Vector search has exploded in popularity recently, on the back of the rise of LLMs. The vectors used by embedding models are dense vectors: most of its dimensions have some value. However, in more traditional machine learning domains, sparse vectors are still found. They remain a valuable tool in the domains like bioinformatics, text mining, computer vision and others.

Sparse vectors excel at comparing weighted feature sets. For example, you can measure document similarity by representing each document as a sparse vector, where each dimension is a dictionary word weighted by its tf-idf scores. Another example can be estimating genomes similarity by representing them as a sketch vector of k-mers.

For these use cases, weighted Jaccard distance is the natural metric. Unlike cosine or Euclidean distance, which introduce artifacts from the underlying metric space geometry, Jaccard distance directly captures what matters: the overlap between weighted feature sets.

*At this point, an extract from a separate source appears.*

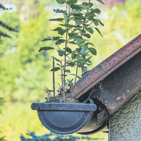 Über das Jahr hinweg sammelt sich im gesamten Dachentwässerungssystem so einiges an: Vogelnester, Blätter, Äste und anderer Schmutz. Zusätzlich spülen Regen und Unwetter Moos und Ablagerungen vom Dach in die Rinnen. Die Mischung setzt sich fest und verklebt durch den Einfluss der Elemente. Dadurch wird der Durchgang für Regenwasser immer schma ler, Wasser schießt über die Dachkante hinaus. Experten empfehlen daher, möglichst zweimal pro Jahr das Dachentwässerungssystem von Schmutz zu befreien. Hausbesitzer könnten dem Schmutz in den Dachrinnen zwar selbst zu Leibe rücken, doch die Arbeit auf einer Lei-

Consider an example below, where first vector v1 is the closest to q by Jaccard distance and clearly has good overlap with 3 features, but in cosine and Euclidian space this vector is worse than vectors v2 and v3.

#Index Methods in Turso

Starting with Turso 0.3.0 release, a vector can be stored usign the vector32_sparse function, as opposed to the general purpose vector32. Check the full documentation for more functions and examples. When only a small fraction of components are non-zero, sparse representation can use 5–50× less storage, meaning the search can check more vectors in a single database page. This alone leads to faster search: for sparse vectors, our benchmarks indicate that we can search upwards of 100k vectors in under 100 millisecods.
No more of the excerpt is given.